Спустя несколько часов она просыпается под мерный шум дождя. Тучи так сгустились, что время невозможно определить. Внизу она застает Уэса сгорбленным над ломберным столом в гостиной, в окружении их беспорядочных записей.
– Который теперь час?
Он вздрагивает, переводит на нее мутный взгляд.
– Скоро четыре.
Она не может вспомнить, когда в последний раз спала так долго.
– Ты хоть спал?
– Немного. – Уэс придирчиво разглядывает охотничий нож, вертит его в руках. Лезвие вспыхивает белым, серебряным, снова белым, и так до тех пор, пока она не встречается взглядом с собственным отражением в стали. Он протягивает ей нож. – Он готов.
Схема на рукоятке воспроизведена поразительно подробно, каждая чешуйка уробороса выкрашена в цвет крови. В ее руках это суровое оружие. В его руках нож почти божественен. Ей едва верится, что вот это убьет хала. Что начертанные на рукоятке символы означают то, из чего создано мифическое чудовище и что магия Уэса обратит его в пепел. Еле касаясь, она обводит пальцем каждый символ.
– Как ты себя чувствуешь? – спрашивает Уэс.
– Прекрасно, – она кладет нож на стол. – А ты?
– Вымотался. Немного нервничаю. Но я готов, – оба они знают, что все не так просто, но Маргарет полагает, что они уже приноровились к этой игре – иметь в виду больше, чем говорить. – Ну что, сожжем улики?
Пока Уэс собирает их записи, Маргарет складывает в камине растопку и пробуждает к жизни присыпанный золой огонь. Когда он наконец с шипением взметается вверх по кирпичным стенкам дымохода, она выпрямляется на корточках и вздыхает, ощущая ласковое тепло на лице.
Уэс передает ей бумаги.
– Окажешь честь?
Она колеблется всего мгновение, а потом берет их и бросает в огонь. Он плюется и шипит, записи разлетаются палой листвой, скукоживаются в пламени. Уэс стоит, сунув руки в карманы, его лицо в мерцающем свете непроницаемо. Только когда последний клочок бумаги обращается в пепел, у нее перестает теснить в груди, напряжение уносится вместе с дымом.

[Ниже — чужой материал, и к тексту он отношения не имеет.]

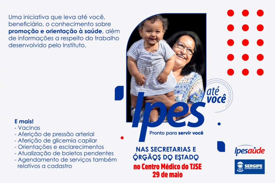 O Instituto de Promoção e de Assistência à Saúde dos Servidores do Estado de Sergipe realizará a campanha "Ipesaúde até você", no Centro Médico do Tribunal de Justiça de Sergipe (TJSE), no dia 29 de maio, segunda-feira, das 8 às 13 horas. Na oportunidade, serão ofertados aos servidores do Judiciário serviços de vacinação, aferição de pressão arterial e glicemia, atualização de boletos pendentes, agendamento de serviços e esclarecimento de dúvidas em relação ao cadastro.
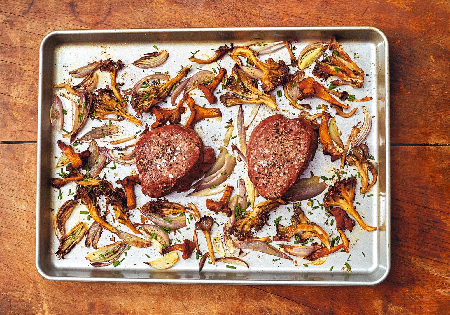 Den Backofen auf 220 °C vorheizen. Die Steaks in die Mitte eines Backblechs legen. Pilze, Brokkoliröschen, Schalotten und Thymian mit Olivenöl vermischen. Um die Steaks herum verteilen. Salzen und pfeffern. Für rosa gebratenes Fleisch 15–20 Minuten im Backofen braten. Die Steaks vor dem Servieren 5 Minuten ruhen lassen. Mit Schnittlauch bestreut servieren.

– Что теперь? – спрашивает она.
– Надо отпраздновать.
– Отпраздновать?
– Ага, отпраздновать. – Уэс проходит по комнате туда, где пылится старенький отцовский проигрыватель. – Ну, знаешь, спустить пар, расслабиться, повеселиться нашей последней ночью в материальном мире.
– Не смешно.
– Смешно, да еще как, – он роется в картонной коробке, пока не вытаскивает яркий конверт, а из него – виниловый диск. Поставив его на проигрыватель, он опускает иглу и подправляет ее, пока сквозь потрескивание из раструба не раздается воркование духовых. Она узнает песню – одну из отцовских любимых. – Ты вообще умеешь расслабляться?
Маргарет кривится. Какого же он корчит из себя умника.
– Естественно, умею! Если бы еще ты не мешал.
– Так порадуй меня. Почему бы тебе не расположиться поудобнее? – Озорство клинком сверкает в его глазах. – Или не потанцевать со мной?
Ну уж нет, танцевать она не станет ни за что. Метнув в него сердитый взгляд, Маргарет пристраивается на краешке кресла.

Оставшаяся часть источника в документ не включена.